Martina Michels (GUE/NGL). – Herr Präsident! Liebe Kollegen! Präsident Erdoğan wedelt mit der gelben Karte und pfeift auf Zusagen und Kriterien zur Visaliberalisierung, vor allem zum Datenschutz und zu einer rechtsstaatlichen Antiterrorgesetzgebung.
Aber niemand in der EU darf berechtigte Bedürfnisse der türkischen Bevölkerung, Teil eines weltoffenen Europas zu sein, instrumentalisieren oder in einen Ablasshandel auf Kosten von Flüchtlingen, Kurden, politischer Opposition und Pressefreiheit pressen.

Wer noch immer glaubt, dass der EU-Türkei-Deal Schleppern das Handwerk legt, hat Fluchtursachen und reale Fluchtbewegungen ausgeblendet und eine gemeinsame EU Flüchtlingspolitik aufgegeben.
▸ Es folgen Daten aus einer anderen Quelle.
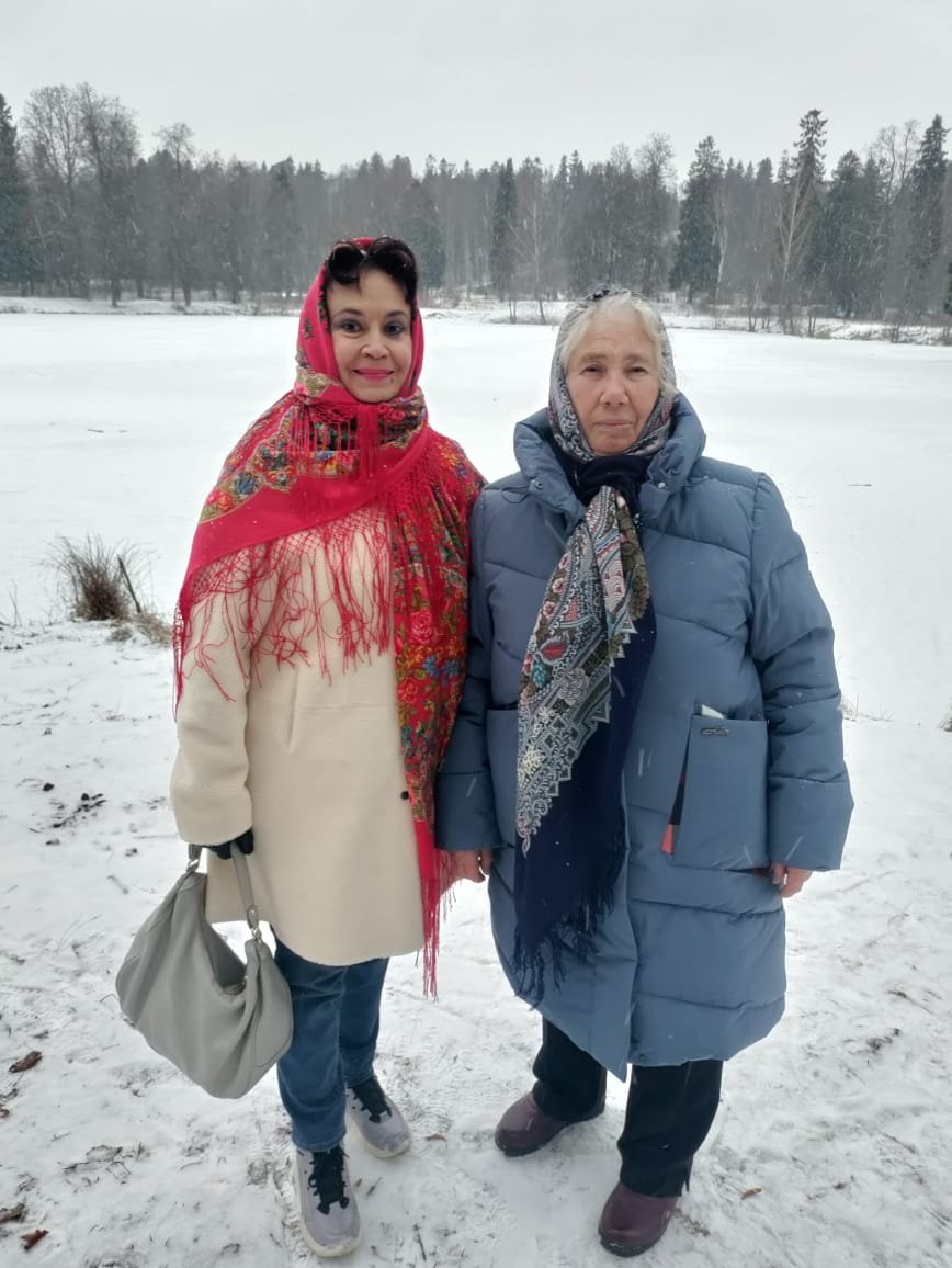 Дорогая Флеринка _Наташенька, не могу не задержаться на таких душевных фотографиях. Очень вам к лицу выбранные платки. Медальоны подчёркивают твою молодость, красоту, подсвечивает прекрасное лицо. А Бархатная ночь очень благородно обрамило свекровушку. Очень вам обем идут платки. Любуюсь!

Derzeit darf das Parlament keiner Visaliberalisierung außerhalb der Kriterien zustimmen: Es sollte jedoch zugleich den Rat und die Kommission auffordern, endlich eine gemeinsame humane EU-Flüchtlingspolitik anzupacken. Es ist unglaubwürdig, einerseits die Werte der EU in Festreden zu preisen und sie andererseits im politischen Alltag zu verzocken und zu opfern. Hören Sie auf Amnesty International und andere Organisationen, die uns täglich die bitteren Fakten liefern.